I SEE YOUR ORDERING THE FRONT FACIA FROM Austrailia DO YOU KNOW IF YOU CAN ORDER THE ELECTRONIC CLIMATE CONTROL


----------



## westell (Oct 4, 2004)

yes, there are holes there from side marker lamps.

per previous threads and responses, climate control upgrade extremely expensive.

Monaros come with memory seat, too :cheers


----------



## Joecooool (Mar 4, 2005)

westell said:


> yes, there are holes there from side marker lamps.
> 
> per previous threads and responses, climate control upgrade extremely expensive.
> 
> Monaros come with memory seat, too :cheers


So I guess I need to order side marker lamps too...


----------



## GTPprix (Mar 29, 2005)

Let me know if you want your instrument cluster programmed to complete the conversion. In addition to the Shift Light I can make your cluster boot up "Holden" or "HSV"


----------



## Groucho (Sep 11, 2004)

I've just order F & R HSV badges...! :cheers


----------



## 73LS4 (Apr 22, 2005)

*Pontiac or Holden, which would you prefer?*

WOW, this thread makes me feel vindicated. I was in AU last year and fell in love with Holdens (especially the Maloo R8). The GTO was already headed this way so I couldn't wait to see it. I've had 2 GTOs (66 conv and 69 ht) and didn't understand why GM couldn't bring Holdens here with the correct names on them. Seems like confusion and a disservice both to the Holden name and GTO name. Actually there is a GTO Monaro, so the GTO part of that is fine... but I'd rather have it say Holden on my car than Pontiac. If it said Holden on it, people wouldn't be bitching about the made in America thing... and personally I'd rather have something that obviously wasn't made in America. I'm guessing it would be worth more in 2 years  Eventually I'm going to have a new GTO... but I can't wait to get HSV badging for it.

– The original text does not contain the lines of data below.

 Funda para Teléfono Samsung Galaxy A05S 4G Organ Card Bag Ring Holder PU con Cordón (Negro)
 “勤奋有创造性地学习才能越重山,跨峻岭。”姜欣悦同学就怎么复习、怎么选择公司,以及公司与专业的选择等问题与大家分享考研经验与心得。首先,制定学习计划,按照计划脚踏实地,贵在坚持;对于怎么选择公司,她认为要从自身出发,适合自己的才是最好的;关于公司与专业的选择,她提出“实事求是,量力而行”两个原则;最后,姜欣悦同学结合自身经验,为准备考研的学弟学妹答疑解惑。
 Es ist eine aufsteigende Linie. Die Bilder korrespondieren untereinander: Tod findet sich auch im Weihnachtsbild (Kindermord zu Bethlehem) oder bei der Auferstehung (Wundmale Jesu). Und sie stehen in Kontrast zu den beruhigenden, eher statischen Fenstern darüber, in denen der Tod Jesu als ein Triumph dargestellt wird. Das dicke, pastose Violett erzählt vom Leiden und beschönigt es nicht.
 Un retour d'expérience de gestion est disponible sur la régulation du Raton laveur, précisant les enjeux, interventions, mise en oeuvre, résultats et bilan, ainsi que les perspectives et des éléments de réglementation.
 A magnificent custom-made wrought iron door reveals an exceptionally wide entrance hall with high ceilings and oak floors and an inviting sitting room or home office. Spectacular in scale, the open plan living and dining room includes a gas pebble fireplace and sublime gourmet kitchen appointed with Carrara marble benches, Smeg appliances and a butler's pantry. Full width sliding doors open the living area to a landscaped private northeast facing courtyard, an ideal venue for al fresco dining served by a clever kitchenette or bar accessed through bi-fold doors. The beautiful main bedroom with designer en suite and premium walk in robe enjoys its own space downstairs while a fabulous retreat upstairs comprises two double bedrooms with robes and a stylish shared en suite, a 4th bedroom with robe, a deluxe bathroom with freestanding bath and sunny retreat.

BTW, I have a friend in AU that sent me several Holden brochures. They're my favorite show and tell stuff. People (especially Pontiac salesmen) literally drop their jaws when they see these cars. Amazing how many Pontiac salesmen don't even know this GTO is a Holden and is made in AU. GM really did a pisspoor job of marketing this car... WOW

And... I've owned 10 Corvettes (61-73)... and I finally got curious enough to drive a C5 the other day. WOW... I felt embarrassed for the Chevy salesman. The C5 felt like a piece of crap compared to the GTO !!! Even my old 73 LS4 has more feedback and better ergonomics than the C5.



Joecooool said:


> I've already ordered the two side emblems, the rear and front Holden badges and the CV8 badge for the rear.
> 
> The name GTO means nothing to me, this car is a Monaro and I want it badged that way.
> 
> ...


----------



## Groucho (Sep 11, 2004)

Boy...stay out of this thread!

http://www.gtoforum.com/showthread.php?t=2300

According to these guys, taking the Pontiac off of your Holden is Un- _Merrikan_, and is one step from kickin' yo' own momma in da teef!! :rofl:


----------



## GTOJon (Jan 25, 2005)

Groucho said:


> Boy...stay out of this thread!
> 
> http://www.gtoforum.com/showthread.php?t=2300
> 
> According to these guys, taking the Pontiac off of your Holden is Un- _Merrikan_, and is one step from kickin' yo' own momma in da teef!! :rofl:


I guess it just never ends...


----------



## blackonblack (Jan 13, 2005)

Joecooool said:


> I've already ordered the two side emblems, the rear and front Holden badges and the CV8 badge for the rear.
> 
> The name GTO means nothing to me, this car is a Monaro and I want it badged that way.
> 
> ...



Try this link:
http://www.ls1gto.com/forums/showthread.php?t=23058
If your going to do it, go all the way!


----------



## GTODEALER (Jan 7, 2005)

Almost...... right hand drive!?! :willy: :lol:


----------